At Front and Centered, community education is conceived as a collaborative exercise to infuse the Just Transition framework into community-driven and pace-based efforts to implement environmental and climate justice strategies to enhance community resilience. We collaborated with ClimeTime and other dynamic community partners to foster meaningful climate science education in Washington schools, co-creating opportunities like the Community Education in Action workshops, the Climate Justice League project, and intergenerational storytelling events. Our digital booklet shared ideas on how to implement a photovoice project focusing on environmental justice and environmental health disparities to inspire the ideas of the Youth Wisdom Council.

Our Just Transition Loteria game, available in both Spanish and English, covers both environmental and climate justice concepts with the aim of promoting intergenerational community conversations around the Just Transition, including “false solutions”. In our On the Frontlines podcast, we provide a platform that gives exclusive insider access to the knowledge
and lived experiences of our members while on the frontlines, including those who crashed the COP27 conference to hold accountable our governments peddling false solutions in the discussion of policies and impacts related to global climate change.

Even though this is a relatively new and emerging work at Front and Centered, we have already made significant impacts in support of our front communities. By investing in multigenerational learning practices, we disrupt dominant and colonizing narratives while simultaneously building new paths for liberation.

Exposing False Solutions

At Front and Centered we keep our eyes on the prize and oppose false solutions – even when it might seem counterintuitive at first glance. When the Climate Commitment Act (CCA) was signed into effect by Governor Jay Inslee in 2021, there was potential for environmental and climate justice funding to support frontline communities and their efforts to improve environmental quality and further climate adaptation practices.

Our team looked through the lofty promises and wrestled with the root problem: would the CCA’s cap-and-trade scheme actually reduce greenhouse gas emissions in an equitable manner for frontline communities? Long story short, no. Washington’s cap-and-trade scheme, with its purchasable “allowances” and exceptions for high-emitters does not dramatically reduce greenhouse gas emissions, and as a result, communities closest to these emitters would still experience harmful air quality. So even though the optics of opposing parts of climate legislation drew criticism, we sprung into action.
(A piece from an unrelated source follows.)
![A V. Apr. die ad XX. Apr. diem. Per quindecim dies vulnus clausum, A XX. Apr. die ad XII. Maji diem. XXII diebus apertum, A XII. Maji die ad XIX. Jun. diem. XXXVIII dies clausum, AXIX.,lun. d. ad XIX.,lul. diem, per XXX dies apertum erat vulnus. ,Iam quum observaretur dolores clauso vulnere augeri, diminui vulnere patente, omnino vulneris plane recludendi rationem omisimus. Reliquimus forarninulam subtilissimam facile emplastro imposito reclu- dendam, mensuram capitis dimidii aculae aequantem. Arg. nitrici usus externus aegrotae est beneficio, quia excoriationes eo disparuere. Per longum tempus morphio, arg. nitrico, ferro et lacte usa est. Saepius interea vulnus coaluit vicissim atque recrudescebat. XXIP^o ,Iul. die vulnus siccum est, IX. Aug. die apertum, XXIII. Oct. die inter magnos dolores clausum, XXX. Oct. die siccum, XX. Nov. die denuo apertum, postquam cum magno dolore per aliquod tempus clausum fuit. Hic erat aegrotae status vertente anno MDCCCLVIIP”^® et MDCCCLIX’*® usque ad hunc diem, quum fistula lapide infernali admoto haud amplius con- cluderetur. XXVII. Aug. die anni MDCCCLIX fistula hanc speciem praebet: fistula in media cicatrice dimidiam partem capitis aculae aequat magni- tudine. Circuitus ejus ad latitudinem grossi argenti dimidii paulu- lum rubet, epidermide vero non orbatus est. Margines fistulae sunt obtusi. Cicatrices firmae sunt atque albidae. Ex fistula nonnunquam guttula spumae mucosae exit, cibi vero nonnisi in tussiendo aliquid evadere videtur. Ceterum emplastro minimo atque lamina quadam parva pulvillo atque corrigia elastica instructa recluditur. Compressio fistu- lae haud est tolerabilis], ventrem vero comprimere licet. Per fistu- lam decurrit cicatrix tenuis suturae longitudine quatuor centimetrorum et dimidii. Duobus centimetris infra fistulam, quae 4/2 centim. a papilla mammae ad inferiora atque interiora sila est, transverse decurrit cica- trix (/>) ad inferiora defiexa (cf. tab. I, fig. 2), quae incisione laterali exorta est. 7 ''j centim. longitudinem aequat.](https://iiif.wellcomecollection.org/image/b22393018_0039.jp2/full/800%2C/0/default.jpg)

We pushed back against this market-based policy by offering our own equitable and effective recommendations. Firstly, stopping the “pay to pollute” cap-and-trade scheme and instead developing facilities-specific emissions standards is a tried and tested climate policy that we still strongly advocate for. Secondly, we have been, and will continue to advocate for a diversity of policies and programs that address the wide range of relevant concerns around emissions such as toxicity of emissions and ecological degradation near industrial plants. Lastly, we assert how imperative that the designated funds for frontline communities, which was defined as 35% of all related revenue from the CCA, actually goes to said communities. We are committed to addressing false solutions that do not serve frontline communities, no matter how they are offered.

Transportation Justice

In our state, nearly half of our greenhouse gas emissions come from cars and trucks. Washington State has the highest asthma rates in the nation. We are experiencing a 20-year high in pedestrian and bicycle deaths and an overall increase in traffic fatalities per vehicle miles traveled. Washington State is also the fourth highest spender on road expansion. When Front and Centered asked its membership what their transportation priorities were, the calling couldn’t be more clear. Better Public Transit. Cleaner Air. Safer Streets.

Communities of color from our coalition have led the fight to advocating for a just transition in transportation by creating advocacy tools, providing legislative testimony, and educating our state-wide community. The Yakima Asian Pacific Islander Coalition along with other Front and Centered members, Disability Rights, and 350 Washington worked to develop a Transportation Bill of Rights that puts people at the center of our decisions.

In response to our community’s calls for transportation justice, Front and Centered created advocacy tools like the WA Environmental Health Disparities Map, the WA Transit Access Map, and the Accelerating a Just Transition in WA State report to highlight inequities in access, safety, and health outcomes. Our advocacy efforts are working. In the 2022 legislative session, the Washington State legislature passed Move Ahead WA, effectively winning $16 billion to be invested in Washington’s transportation infrastructure over 16 years. The passing of Move Ahead WA was a historic and transformative shift towards a multi-modal future, quintupling the amount ever invested in transit and active transportation, and successfully outranking funding toward new highway expansion. Our fight continues with our Gardening for Transportation Justice: A Blueprint Toward Community-centered Carbon Reduction report we released earlier this year, highlighting the impacts of our Transportation Justice Leadership grant program completed in collaboration with 19 member organizations, and in partnership with Washington State Department of Transportation.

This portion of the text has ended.